For the entries below, print exactly the lines between the line holding "The spacious kitchen" and the line holding "A woven shirt", inclusive, and nothing else.
━━ Provided material
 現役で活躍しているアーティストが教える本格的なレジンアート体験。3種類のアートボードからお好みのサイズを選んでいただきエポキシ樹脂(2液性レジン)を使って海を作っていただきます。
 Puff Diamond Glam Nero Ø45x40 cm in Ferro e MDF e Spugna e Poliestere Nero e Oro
━━━━
━━ Provided material
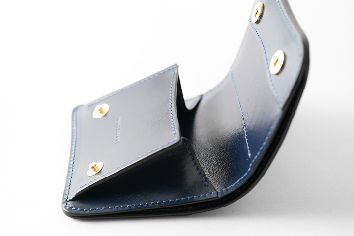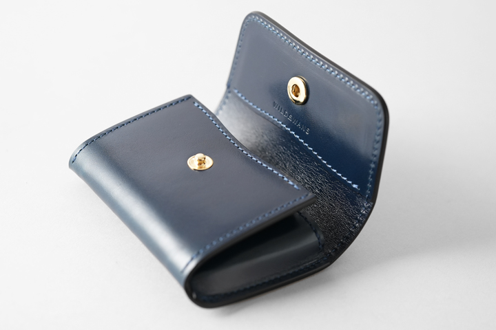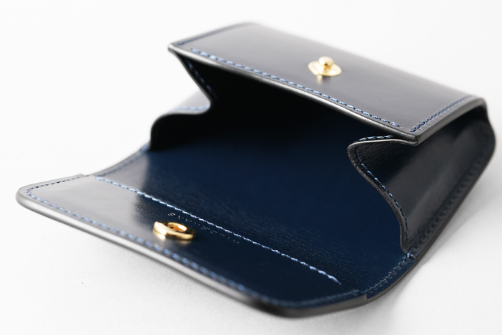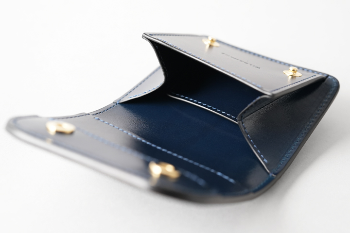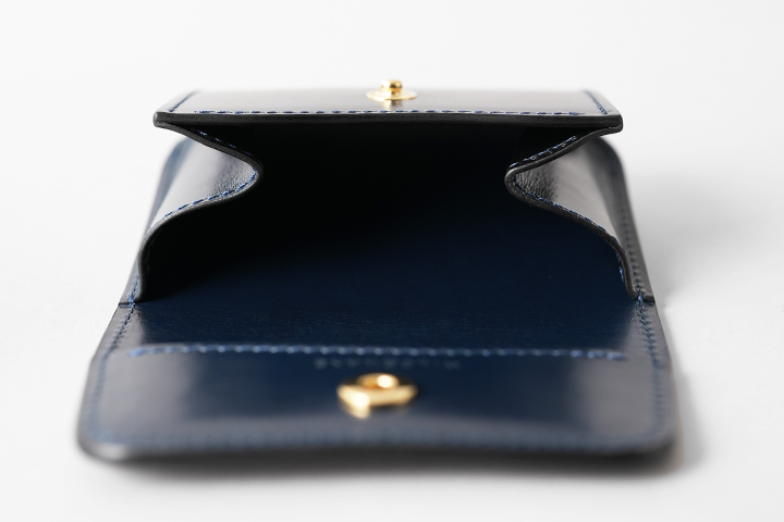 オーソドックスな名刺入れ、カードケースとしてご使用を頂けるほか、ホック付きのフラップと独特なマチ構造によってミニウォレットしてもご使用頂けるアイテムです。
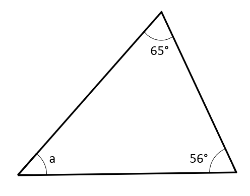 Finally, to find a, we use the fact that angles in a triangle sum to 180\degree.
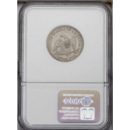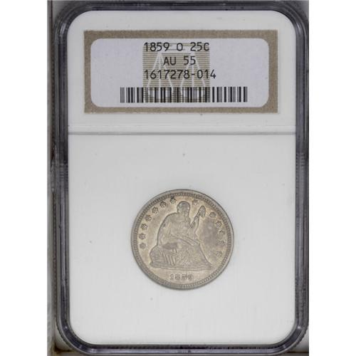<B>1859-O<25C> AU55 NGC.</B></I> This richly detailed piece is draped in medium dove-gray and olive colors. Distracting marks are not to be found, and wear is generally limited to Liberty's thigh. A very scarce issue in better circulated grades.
━━━━
━━ Provided material
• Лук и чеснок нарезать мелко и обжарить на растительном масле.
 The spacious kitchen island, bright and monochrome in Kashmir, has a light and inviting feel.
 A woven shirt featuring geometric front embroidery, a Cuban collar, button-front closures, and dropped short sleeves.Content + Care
━━━━
## Completed exercise
 The spacious kitchen island, bright and monochrome in Kashmir, has a light and inviting feel.
 A woven shirt featuring geometric front embroidery, a Cuban collar, button-front closures, and dropped short sleeves.Content + Care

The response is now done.